Client computing device 102 is any type of computing device such as
a small form factor mobile computing device (e.g., a cellular
phone, personal digital assistant, or handheld computer), personal
computer, a laptop, a server, etc. Exemplary such client computing
devices 102 are shown as mobile computing devices (phones) 102-1
and 102-2.
[0020] Client computing device 102 includes one or more program
modules such as web browser 110. Web browser 110 presents a user
interface on display 112 such as a small form factor LCD screen or
other type of display. The user interface allows a user to format a
query 114 from one or more keywords, select a search results for
display, and indicate a particular customized document format in
which the server 106 is to return the selected search result to the
client computing device 102 for display.

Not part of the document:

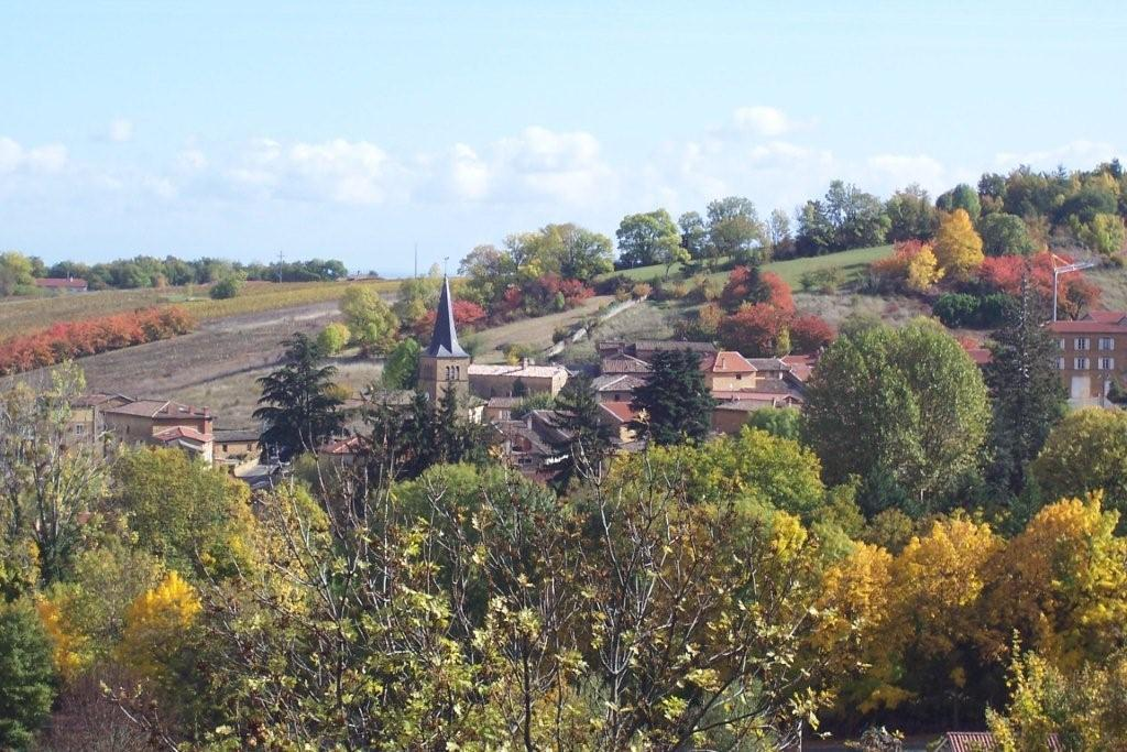 View of the center of the village

One aspect of an exemplary
such user interface (UI) is shown as a simple start page 116. Start
page 116 includes, for example, an input text control and a button
control. The text input control allows the user to input one or
more keywords to formulate query 114. Selection of the button
control on UI 116 by the user causes the computing device 102 to
send query 114 to server 106, and thereby trigger a keyword search
process.
[0021] To this end, server 106 includes program modules 118 and
program data 120. The program modules include, for example, mobile
search interface 122 and search engine 124. In one implementation,
the mobile search interface is implemented using ASP.NET. In this
implementation search engine 124 is implemented on a same computing
device as mobile search interface 122. In another implementation,
search engine 124 is implemented on a different computing device
than the mobile search interface 122. The search engine 124 can be
any type of search engine such as a search engine deployed by
MSN.RTM., Google.RTM., and/or so on.
[0022] Mobile search interface 122 receives query 114. Responsive
to receiving the query 114, mobile search interface 122
communicates the query to search engine 124. Responsive to receipt
of the query, search engine 124 searches or mines data source(s)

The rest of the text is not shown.